Note that I have foregone your first/2 and second/2 predicates in favor of pattern matching; I think this reads more clearly.

Aside: If you know your list is concrete and you don't want to generate multiple solutions, you can use memberchk/2 to verify that an element exists instead of member/2; it's cheaper and deterministic.

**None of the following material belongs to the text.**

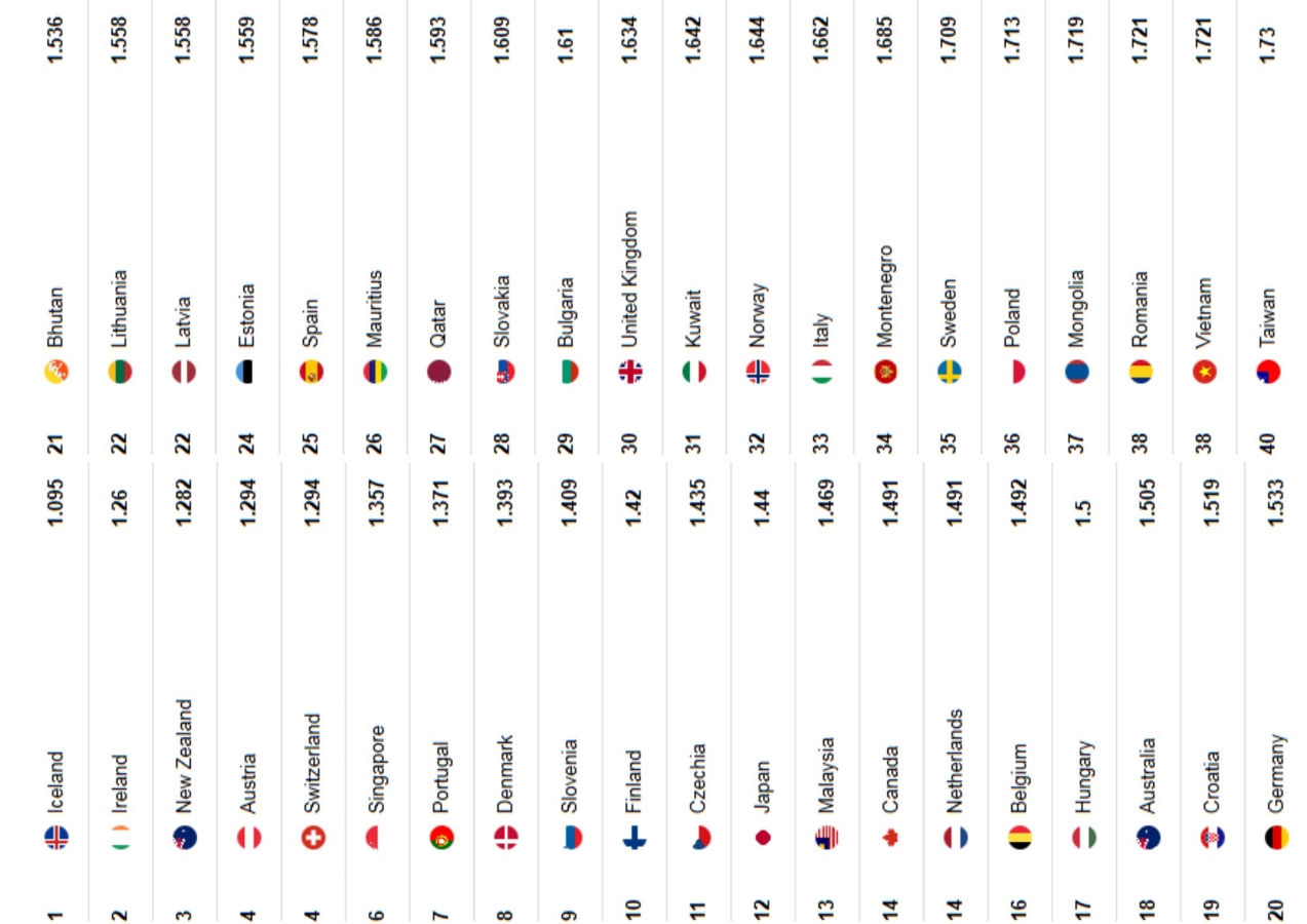Исланд Улс 2008 оноос хойш тасралтгүй хамгийн аюулгүй орноор тодорч буй бөгөөд цэрэгжилтийн түвшин маш бага, зөрчил мөргөлдөөнгүй, цагдаа нар нь хүртэл зэвсэггүйгээр ажилладаг гэдгээрээ онцлог. Хоёрдугаар байранд Ирланд, Шинэ Зеланд хоёр байр ахиж гуравт бичигджээ. Австри, Швейцарь улсууд төвийг сахисан бодлого, энхийг сахиулах уламжлалаа хадгалж ирсэн тул дэлхийн хамгийн аюулгүй орны эхний тавд багтжээ. Манай улс өмнөх жилээс найман байр ахиж, 37-р байрт орсон нь олон улсын хэмжээнд Монголын аюулгүй байдлын түвшин нэмэгдсэнийг харуулж байна. Судалгаанд дурдсанаар манай улсын хувьд: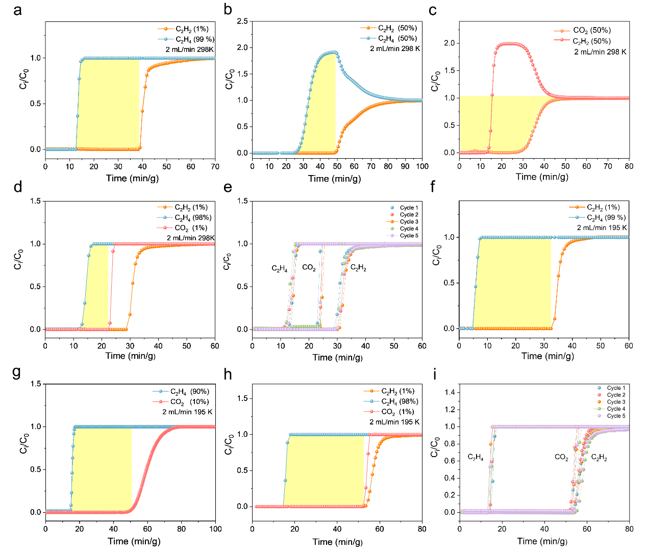 图4:UPC-197在(a-e)298 K和(f-i)195 K下对不同混合气的穿透曲线。

This works better (you get solutions, anyway) but still you get a lot more solutions than you need:

?- translatable1([(dog,perro)], [(perro,hund)], X).
X = [ (dog, hund)|_G18493925] ;
X = [_G18493924, (dog, hund)|_G18493928] ;
X = [_G18493924, _G18493927, (dog, hund)|_G18493931] a

Something which we know that our code does not know is that the cardinality of the result set should be less than or equal to the lowest cardinality of our inputs; if I have fifteen English-Spanish words and twelve Spanish-German words, I can't have more than twelve words in my English-German result. The reason our code doesn't know that is because it is trying to behave like math: our code is basically saying "for every element of English-Spanish, if there exists a matching element of Spanish-German, that is also an element of English-German." This does not tell us how to construct English-German! It only tells us a fact about English-German that we can verify with English-Spanish and Spanish-German! So it's cool, but it isn't quite enough to compute English-German.

Aside: it's conventional in Prolog to use a-b instead of (a,b); it's too easy to lull yourself into believing that Prolog has tuples when it doesn't and the operator precedence can get confusing.

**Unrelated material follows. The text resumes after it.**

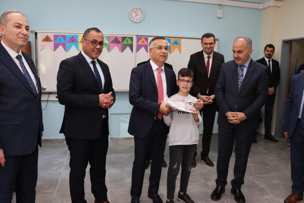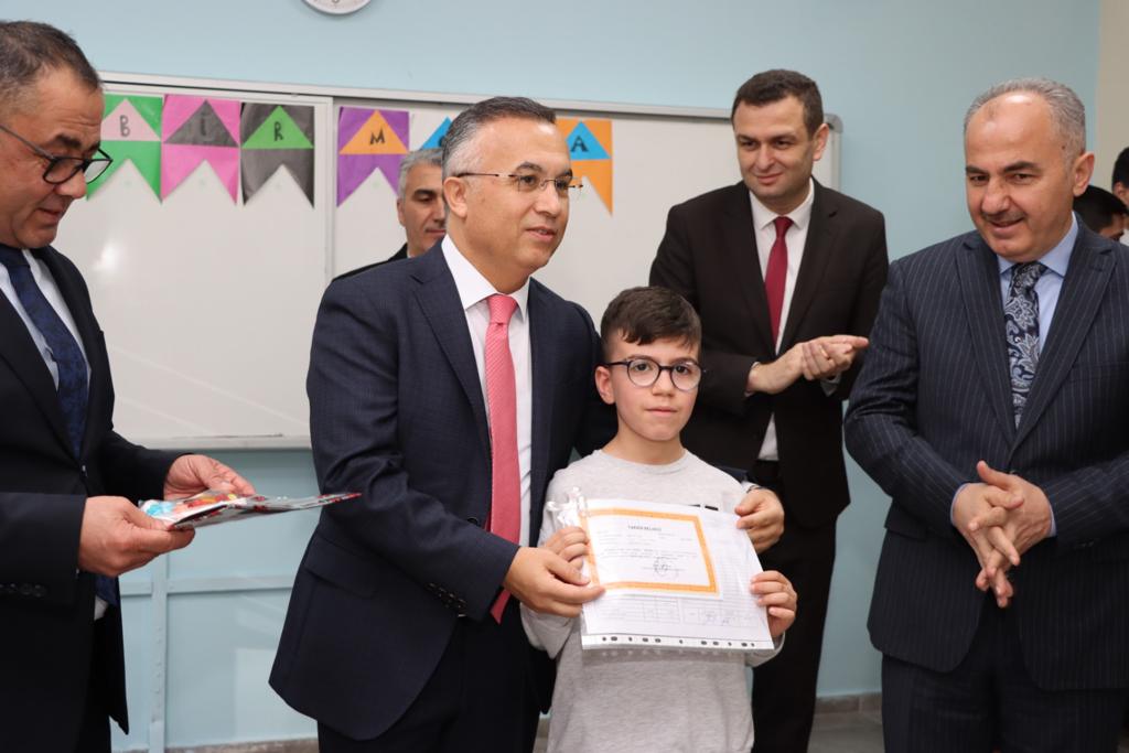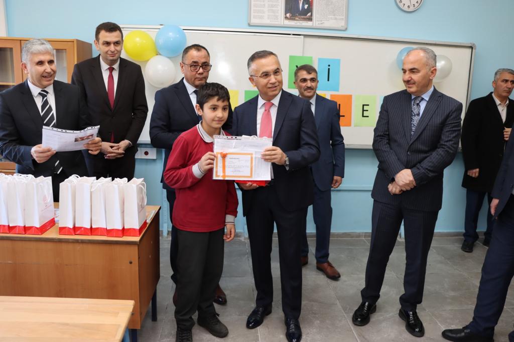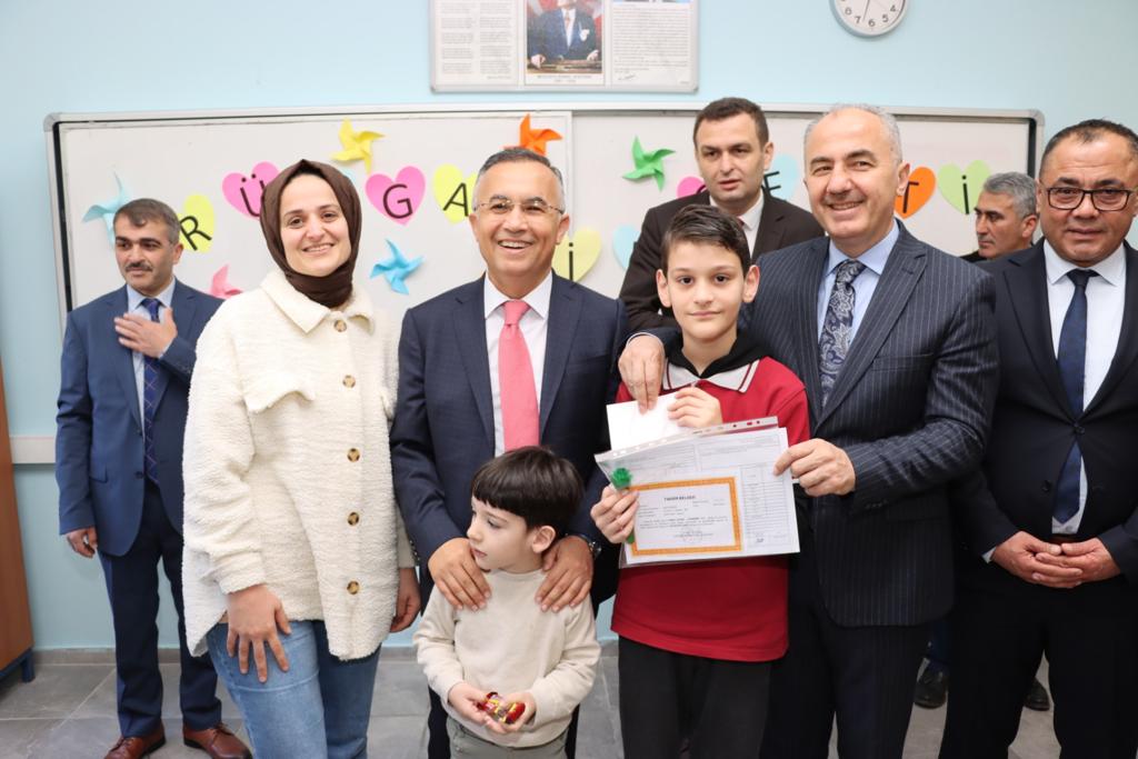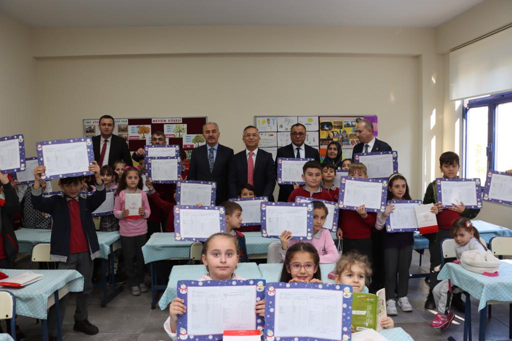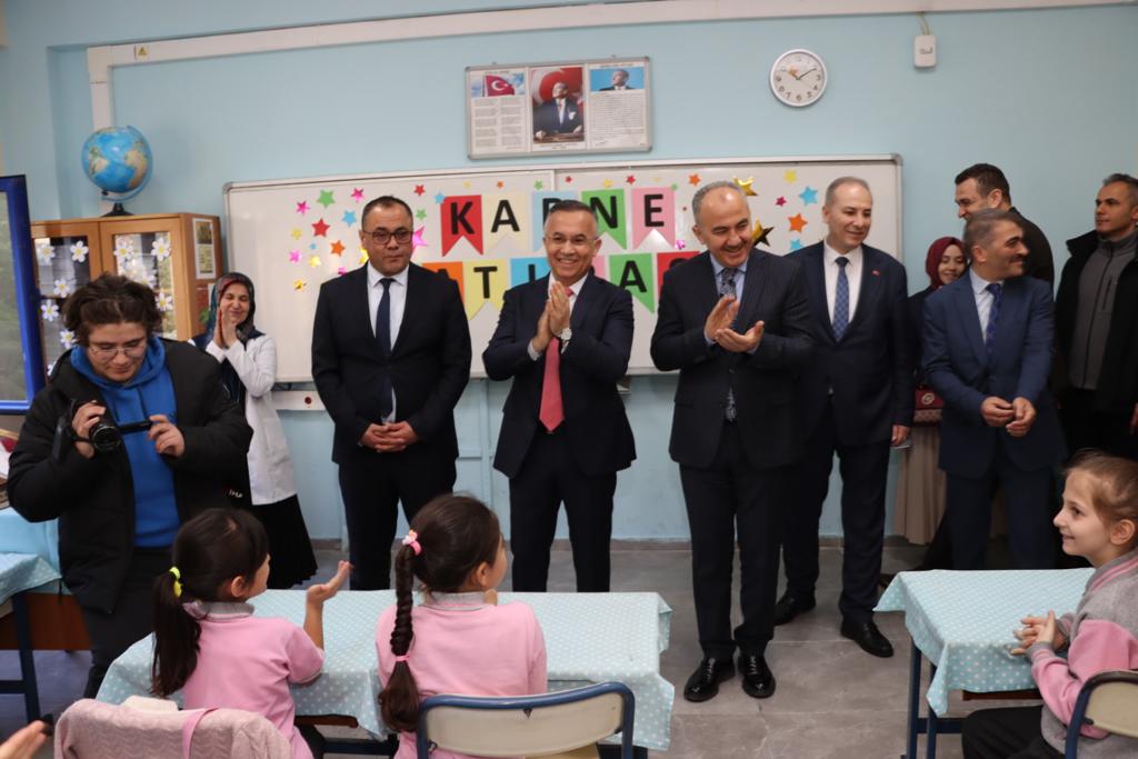 Vali Çeber ve Başkan Metin sınıflara girerek, öğrencilere karnelerini dağıttı. Öğrencilerle tek tek ilgilenerek sohbet eden Vali Çeber, tatilde ilk yarıyılın yorgunluğunu atlatmak için imkânlar dâhilinde sosyal, kültürel ve sportif aktivitelere katılarak tatili iyi değerlendirmeleri, bunun yanında okulda öğrendiklerini tekrar ederek pekiştirmeleri tavsiyesinde bulundu.

So, how do we tell Prolog how to compute English-German? There are probably lots of ways but I would prefer to use select/3 because our set cardinality constraints (as well as a general sense that it will converge/halt) will emerge naturally from a computation that "uses up" the input sets as it goes.

translatable2([], _, []).
translatable2(_, [], []).
translatable2([Eng-Span|EngSpanRem], SpanGerm, EngGerm) :-
    (select(Span-Germ, SpanGerm, SpanGermRem) ->
         translatable2(EngSpanRem, SpanGermRem, EngGermRem),
         EngGerm = [Eng-Germ|EngGermRem]
     ;
         translatable2(EngSpanRem, SpanGerm, EngGerm)
    ).

The base cases should be obvious; if we are out of English-Spanish or Spanish-German, there's nothing left to compute. Then the inductive case peels the first item off the English-Spanish list and searches for a Spanish-German translation that matches. If it finds one, it uses it to build the result; otherwise, it just recurs on the remaining English-Spanish list. This way, on each iteration we at least discard an English-Spanish translation from that list, and we discard Spanish-German translations as they are used. So it seems intuitively likely that this will work and terminate without producing a bunch of extra choice points.

It seems to do the trick:

?- translatable2([dog-perro], [perro-hund], X).
X = [dog-hund] ;
X = [dog-hund].

The extra result there is because we hit both terminal cases because both lists became []; this isn't attractive but it isn't anything to worry about really either.

Now one thing that sucks about this solution is that it treats the first two parameters as in-parameters and the last one as an out-parameter and there isn't really anything you can do about this. I don't know if this is an issue for you; translatable/1 should not have this limitation, but because member((Spanish,German), SpanishGerman) happens before member((English,German), EnglishGerman) it winds up generating an infinitely large list, searching in effect for the missing Spanish-German translation.

Still, it feels like it should be possible to come up with a general purpose predicate that works as long as you supply any two of these inputs. I can do that if I know that all three lists are complete and in the same order:

translatable3([], [], []).
translatable3([X-Y|XYs], [Y-Z|YZs], [X-Z|XZs]) :-
    translatable3(XYs, YZs, XZs).

And you can see it work like so:

?- translatable3([dog-perro], [perro-hund], X).
X = [dog-hund].

?- translatable3([dog-perro], X, [dog-hund]).
X = [perro-hund].

?- translatable3(X, [perro-hund], [dog-hund]).
X = [dog-perro].

But I don't know enough about your constraints to know if that could be a legitimate answer. My suspicion is no, because languages don't work that way, but who knows?

Anyway, that's three different approaches; I hope one of them is helpful to you!